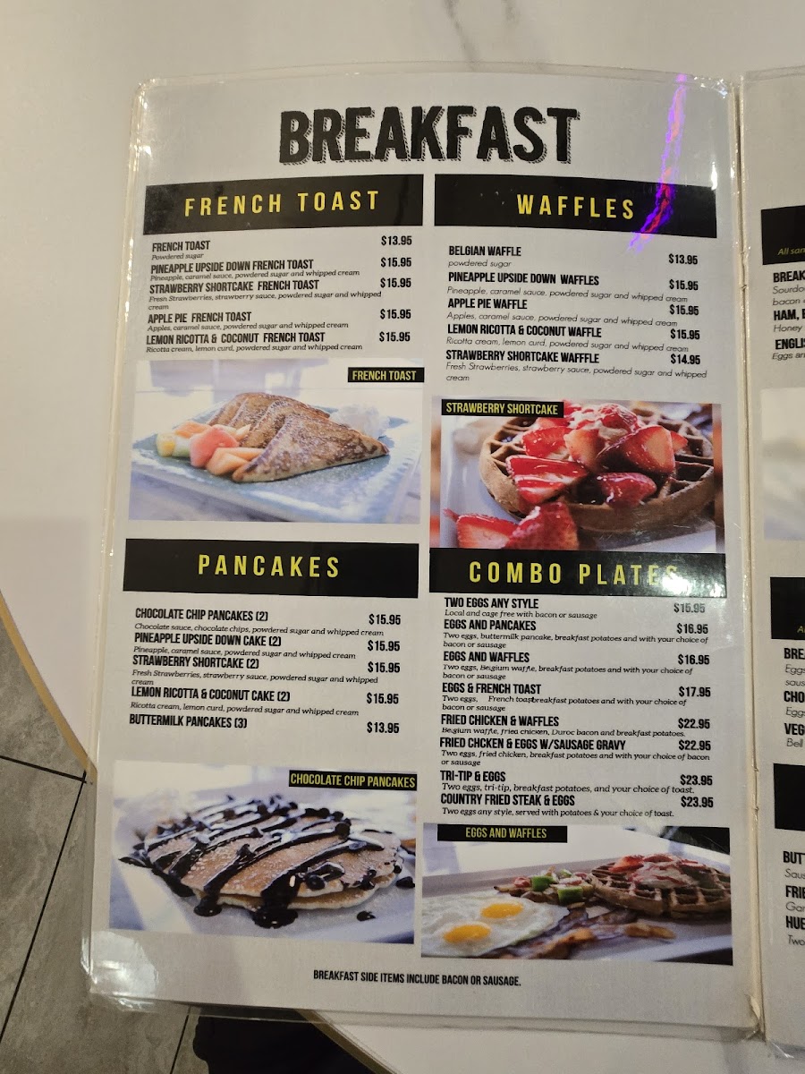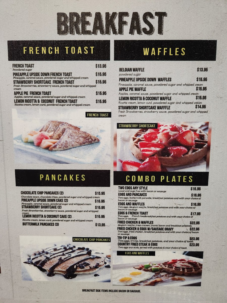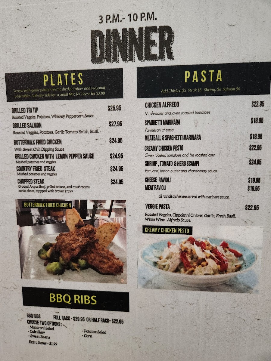 The menu supports different dining occasions, from morning meals like eggs and waffles or breakfast pot pie to lunch options such as chicken Alfredo and BBQ ribs. The available items accommodate quick service needs as well as more leisurely casual dining experiences.
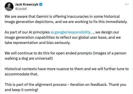 Google Legal: “I don’t want any Nazis, you hear?”Google Product: “But.. but”Google HR: “Are you a Nazi? Why are you so obstinate about this?”Google Engineering: “We’d have to fake the weights, it won’t represent reality”Google Legal: “We must avoid any harm at all costs”Pre-Gemini Launch Meeting (Imagined)
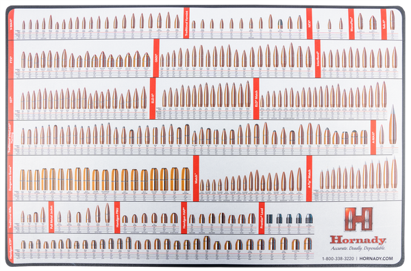 The reference tool for your reloading bench.This non-skid bullet mat features the hornady bullet line with corresponding caliber, diameter, weight, ballistic coefficient, sectional density, and item number.
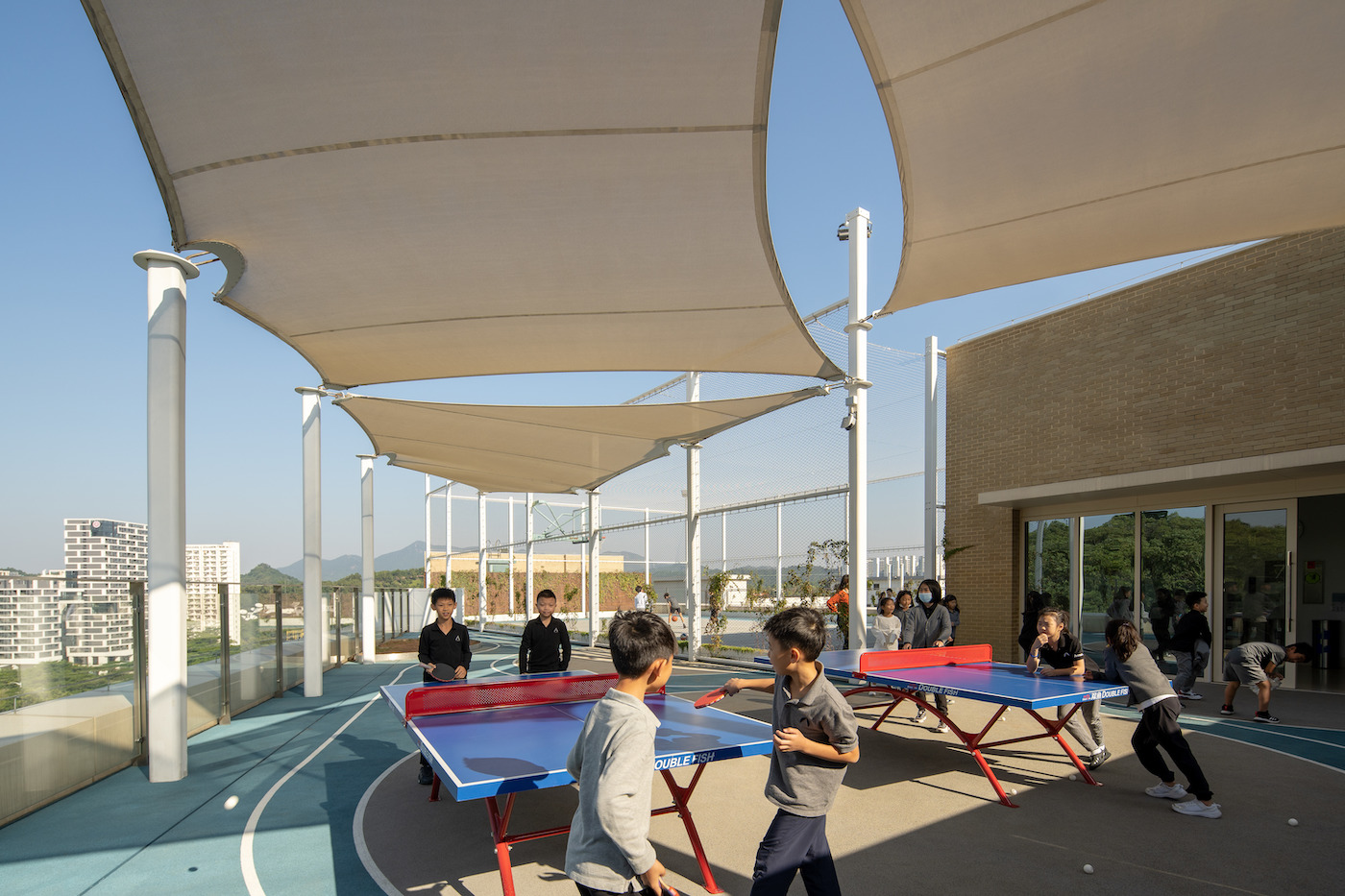 Un auvent de toit tendu protège les étudiants de la lumière intense du soleil à Shenzhen et crée une lumière tachetée en dessous. La structure respirante de la canopée et le mur vert le long du côté de l’aire de jeux sur le toit créent un environnement biophilique. L’intégration d’éléments naturels dans l’espace de mouvement est une décision de conception clé pour ce groupe d’âge – lorsque les enfants commencent à différencier le mouvement et la vie – et crée une appréciation de la nature et aide à développer l’empathie avec l’environnement naturel.
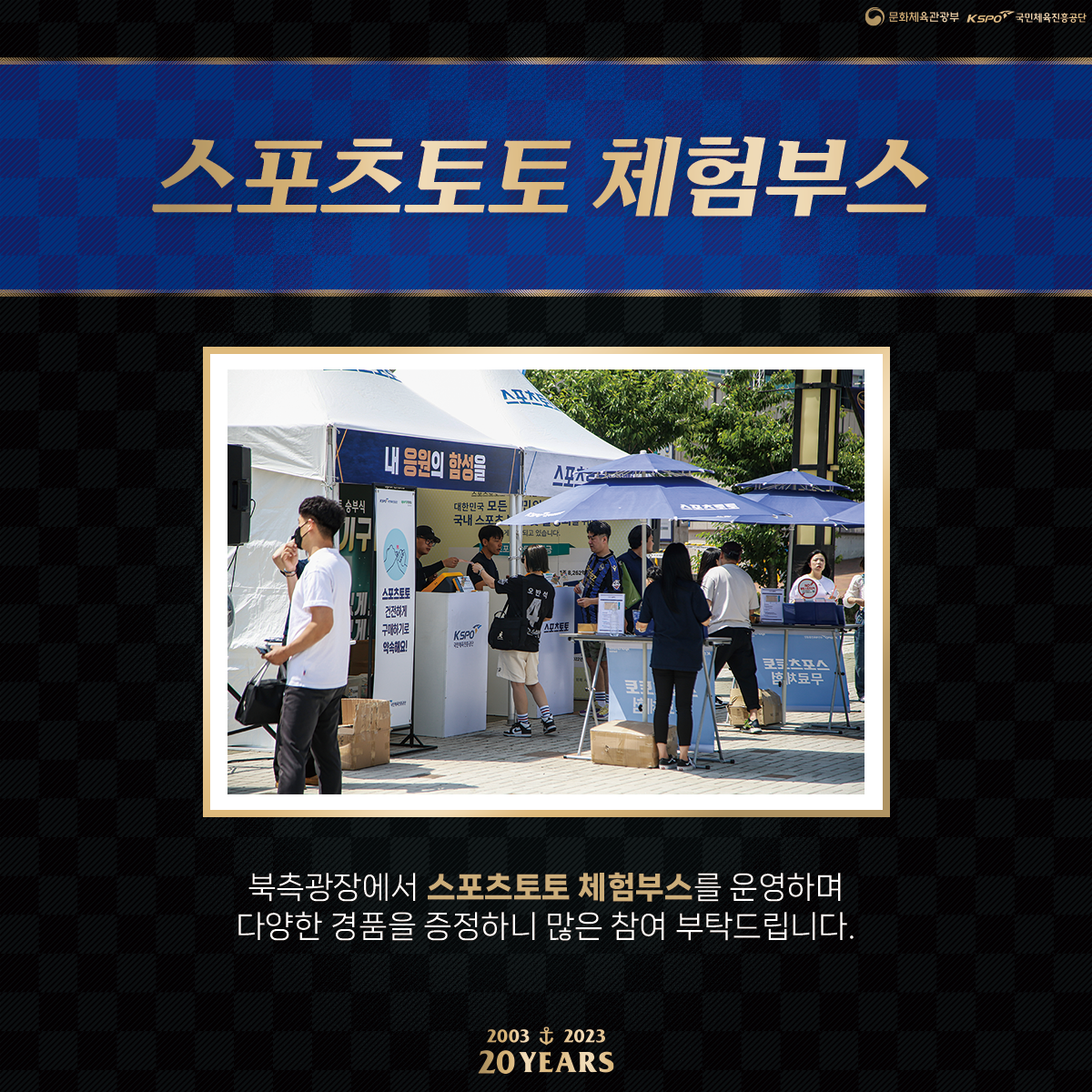 북측광장에서는 스포츠토토 체험 부스를 운영하며, 다양한 경품도 준비되어 있으니 많은 참여 부탁드립니다.
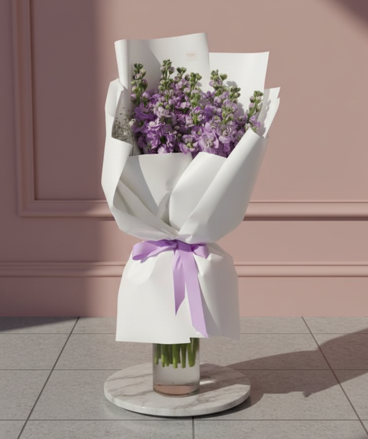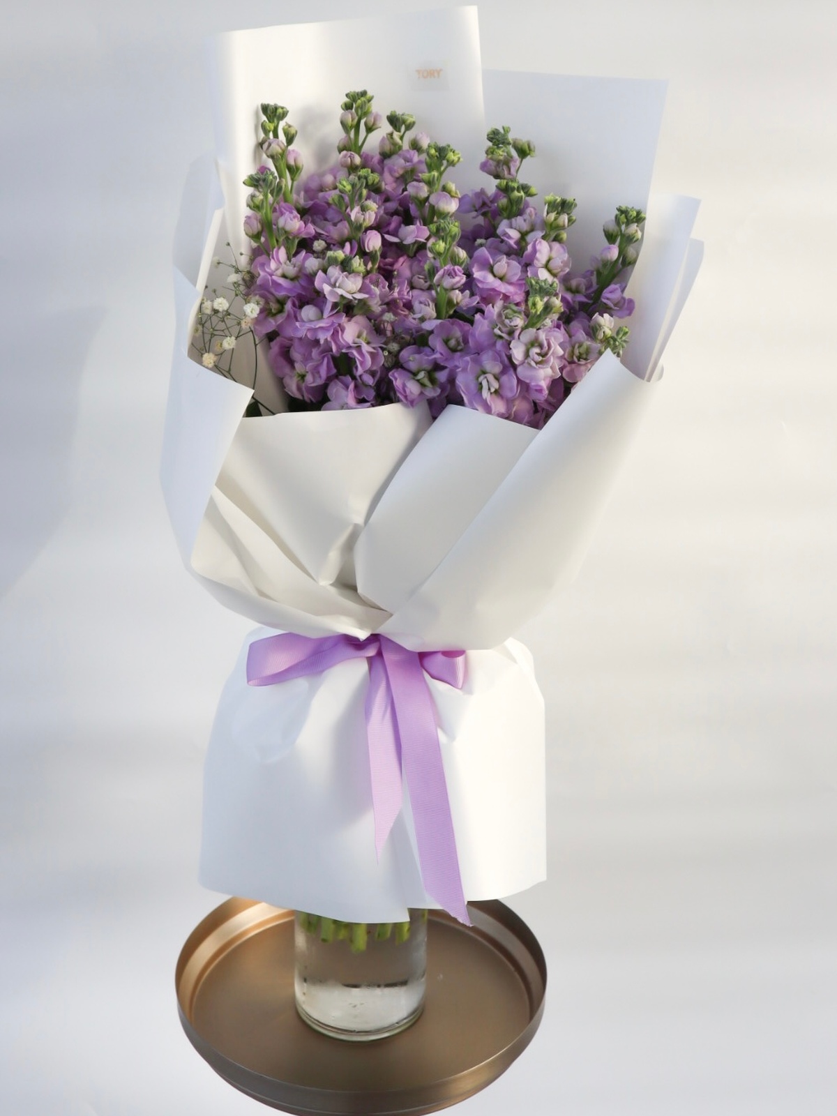 Composition: Mattiola - 15, Gypsophila - 2, Wrapping - 1, ribbon - 1
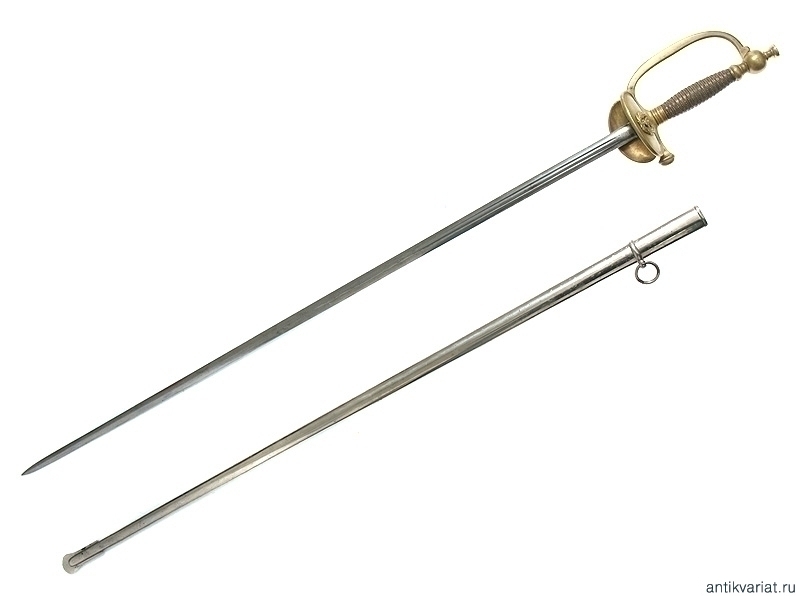 Шпага младших офицеров военно-санитарной службы образца 1816 года, изготовленная в 1870-е - 1890-е годы. Клинок ромбического сечения, без клейм. Эфес латунный, с частично сохранившимся золочением. На внешнем щитке - накладное изображение венка со змеей, обвивающей чашу. Ножны металлические, никелированные.
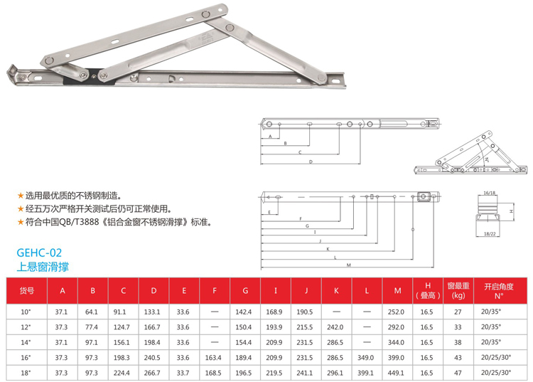 产品型号:GEHC-02 产品名称:上悬窗滑撑
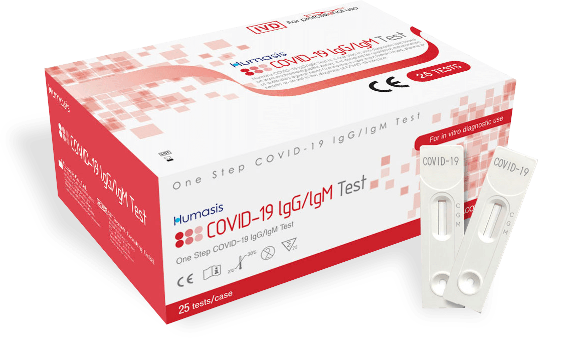 Test Humasis COVID-19 IgG/IgM je in-vitro zdravotnický prostředek. Jedná se o rychlý imunochromatografický test, který detekuje přítomnost IgG a IgM protilátek proti COVID-19 v lidské krvi.
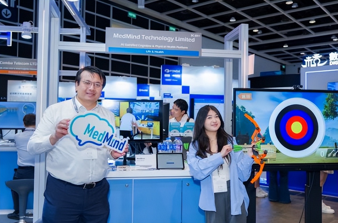 图五﹕ AI互动方案涵盖医疗、教育及企业服务– 医念科技(MedMind Technology)的 NeuroGym 及PhysioPlay 平台,透过麻将、书法等本地化游戏及体感互动技术进行认知与体能训练,并配备自动化数据分析,实时生成个人化报告。方案另涵盖 AI 语音关怀及智能化身系统,适用于医院、复康中心、居家护理、教育,以及推广活动、顾客互动、员工全人健康计划、企业社会责任及 ESG 等企业应用场景。
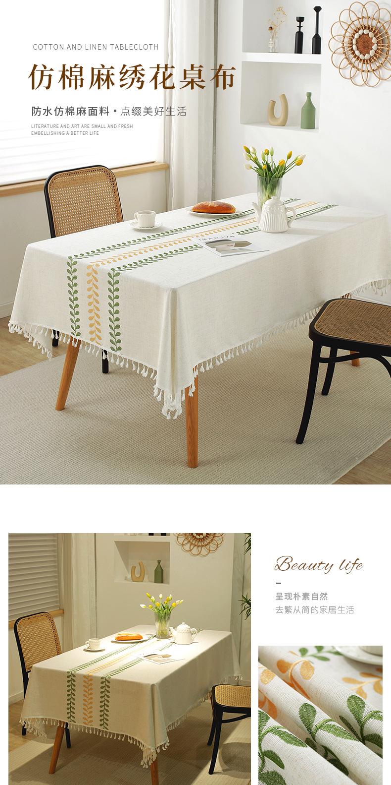Mantel Bordado de Imitación Algodón y Lino Mantel Rectangular Impermeable y a Prueba de Aceite Moderno Simple Mantel de Mesa de Café Mantel de Encaje

▸ **WHAT TO PRODUCE**
Please repeat all of the entries above word for word, but drop any pictures.

▸ **EXPECTED ANSWER**
 The menu supports different dining occasions, from morning meals like eggs and waffles or breakfast pot pie to lunch options such as chicken Alfredo and BBQ ribs. The available items accommodate quick service needs as well as more leisurely casual dining experiences.
 Google Legal: “I don’t want any Nazis, you hear?”Google Product: “But.. but”Google HR: “Are you a Nazi? Why are you so obstinate about this?”Google Engineering: “We’d have to fake the weights, it won’t represent reality”Google Legal: “We must avoid any harm at all costs”Pre-Gemini Launch Meeting (Imagined)
 The reference tool for your reloading bench.This non-skid bullet mat features the hornady bullet line with corresponding caliber, diameter, weight, ballistic coefficient, sectional density, and item number.
 Un auvent de toit tendu protège les étudiants de la lumière intense du soleil à Shenzhen et crée une lumière tachetée en dessous. La structure respirante de la canopée et le mur vert le long du côté de l’aire de jeux sur le toit créent un environnement biophilique. L’intégration d’éléments naturels dans l’espace de mouvement est une décision de conception clé pour ce groupe d’âge – lorsque les enfants commencent à différencier le mouvement et la vie – et crée une appréciation de la nature et aide à développer l’empathie avec l’environnement naturel.
 북측광장에서는 스포츠토토 체험 부스를 운영하며, 다양한 경품도 준비되어 있으니 많은 참여 부탁드립니다.
 Composition: Mattiola - 15, Gypsophila - 2, Wrapping - 1, ribbon - 1
 Шпага младших офицеров военно-санитарной службы образца 1816 года, изготовленная в 1870-е - 1890-е годы. Клинок ромбического сечения, без клейм. Эфес латунный, с частично сохранившимся золочением. На внешнем щитке - накладное изображение венка со змеей, обвивающей чашу. Ножны металлические, никелированные.
 产品型号:GEHC-02 产品名称:上悬窗滑撑
 Test Humasis COVID-19 IgG/IgM je in-vitro zdravotnický prostředek. Jedná se o rychlý imunochromatografický test, který detekuje přítomnost IgG a IgM protilátek proti COVID-19 v lidské krvi.
 图五﹕ AI互动方案涵盖医疗、教育及企业服务– 医念科技(MedMind Technology)的 NeuroGym 及PhysioPlay 平台,透过麻将、书法等本地化游戏及体感互动技术进行认知与体能训练,并配备自动化数据分析,实时生成个人化报告。方案另涵盖 AI 语音关怀及智能化身系统,适用于医院、复康中心、居家护理、教育,以及推广活动、顾客互动、员工全人健康计划、企业社会责任及 ESG 等企业应用场景。
Mantel Bordado de Imitación Algodón y Lino Mantel Rectangular Impermeable y a Prueba de Aceite Moderno Simple Mantel de Mesa de Café Mantel de Encaje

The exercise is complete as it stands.